# Prompt:
Look below for the line with "ラジオ体操をし、学級写真を撮りました。", then repeat it and all lines after it, exactly, minus any pictures.

# Dataset content:
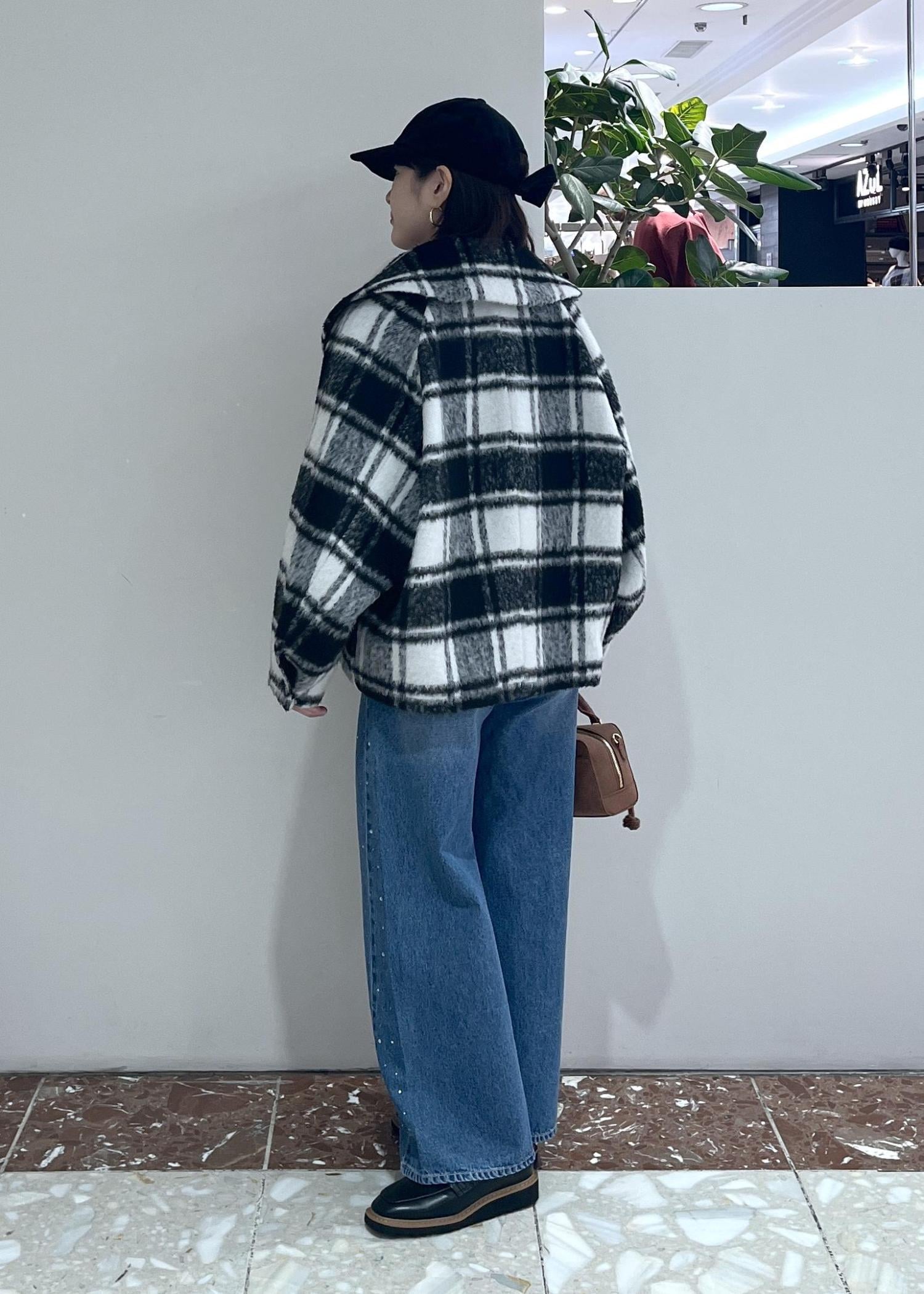 シャギー風が女性らしくチェック柄がポイントなのでシンプルコーデにもピッタリ◎ -
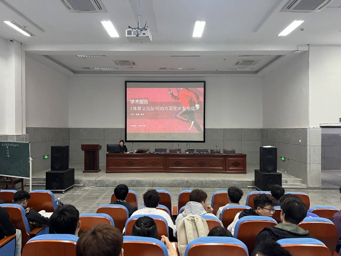 为帮助学生树立正确的大体育观、激发学生深入了解、全面传承、自觉弘扬中国体育精神的热情,2024年10月8日,体育学院在体育馆报告厅举办了由体育学院教师蒋励博士主讲的 “体育文化如何助力国家形象塑造”学术讲座。
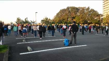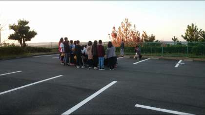 ラジオ体操をし、学級写真を撮りました。
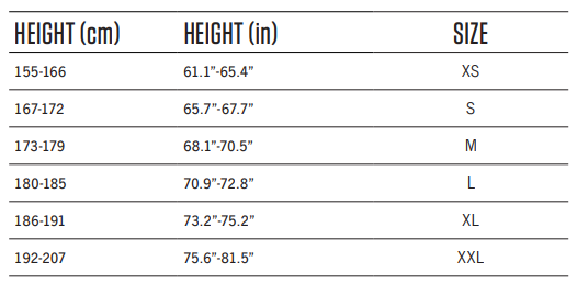 ranging from XS to XXL.
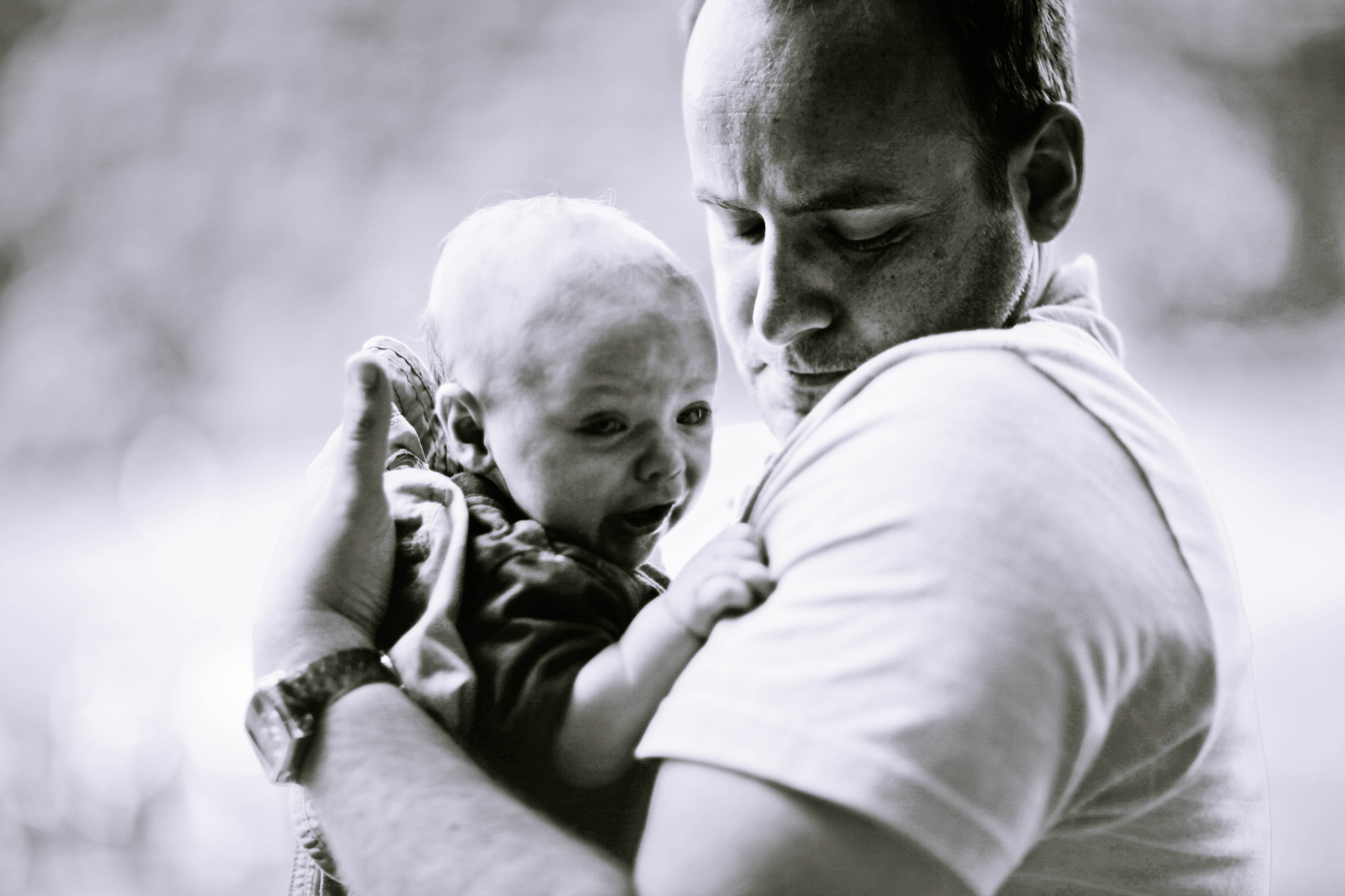 In this intimate photograph, a father cradles his crying baby, capturing a moment of vulnerability and deep emotional connection. The soft focus and desaturated tones enhance the mood, creating a poignant sense of tenderness amidst the chaos of parenthood. The composition draws the viewer's eye towards their faces, highlighting the contrast between the father’s calm demeanor and the baby's distress.

# Written answer:
 ラジオ体操をし、学級写真を撮りました。
 ranging from XS to XXL.
 In this intimate photograph, a father cradles his crying baby, capturing a moment of vulnerability and deep emotional connection. The soft focus and desaturated tones enhance the mood, creating a poignant sense of tenderness amidst the chaos of parenthood. The composition draws the viewer's eye towards their faces, highlighting the contrast between the father’s calm demeanor and the baby's distress.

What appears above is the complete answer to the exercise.